Yes, you have pin pointed an issue that will indeed get the matter dismissed by the court. In order for a court to be able to hear a case it has to have what is known as subject matter jurisdiction as well as obtain personal jurisdiction over the parties to the suit.  Some courts are indeed limited to hearing cases by a monetary amount.  If the amount being sought is over the monetary amount then the matter must go to the next highest court that can hear their case.  What you need to do is to answer and raise an affirmative defense that the court lacks the jurisdiction to hear the case because the amount being sued for is over the monetary amount permitted in this court.  Good luck.

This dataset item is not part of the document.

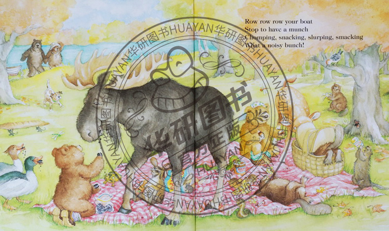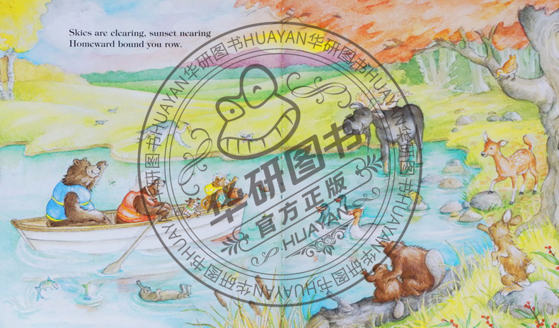 绘者Trapani将一首简单的儿歌转变为精彩纷呈的冒险旅程。附加的几段非常巧妙,让经典变得别具一格。通过轻柔的水粉画,Trapani描绘了憨态可掬的棕熊一家和它们忠实的宠物狗的乘船远足……一连串的动名词有着相同的头韵,小朋友读起来朗朗上口。作者原创的每一段都完美地契合传统旋律,每一幅插画都描绘出了温暖、兴奋和幽默感。

SJZ, Member, New York Bar / FreeAdvice Contributing Attorney

Answered 10 years ago | Contributor

You need to respond to the lawsuit as if it is a real suit--which it is. That's because one of two things could happen--either the association could voluntarily reduce or truncate their suit (the amount sued for, that is) to keep it under the magistrate court's threshold; or alternately, they could seek to either remove the case to a different court with a higher jurisdictional limit or simply refile in a new court. Therefore, given that at least $8k will be at stake, possibly $18k, you should get a lawyer to defend you...or, if you don't think there's a defense and/or can't pay this amount, you may wish to consult with a bankruptcy attorney about whether you could file bankruptcy to discharge and avoid paying this debt, or at least reduce the amount of it you'd have to pay.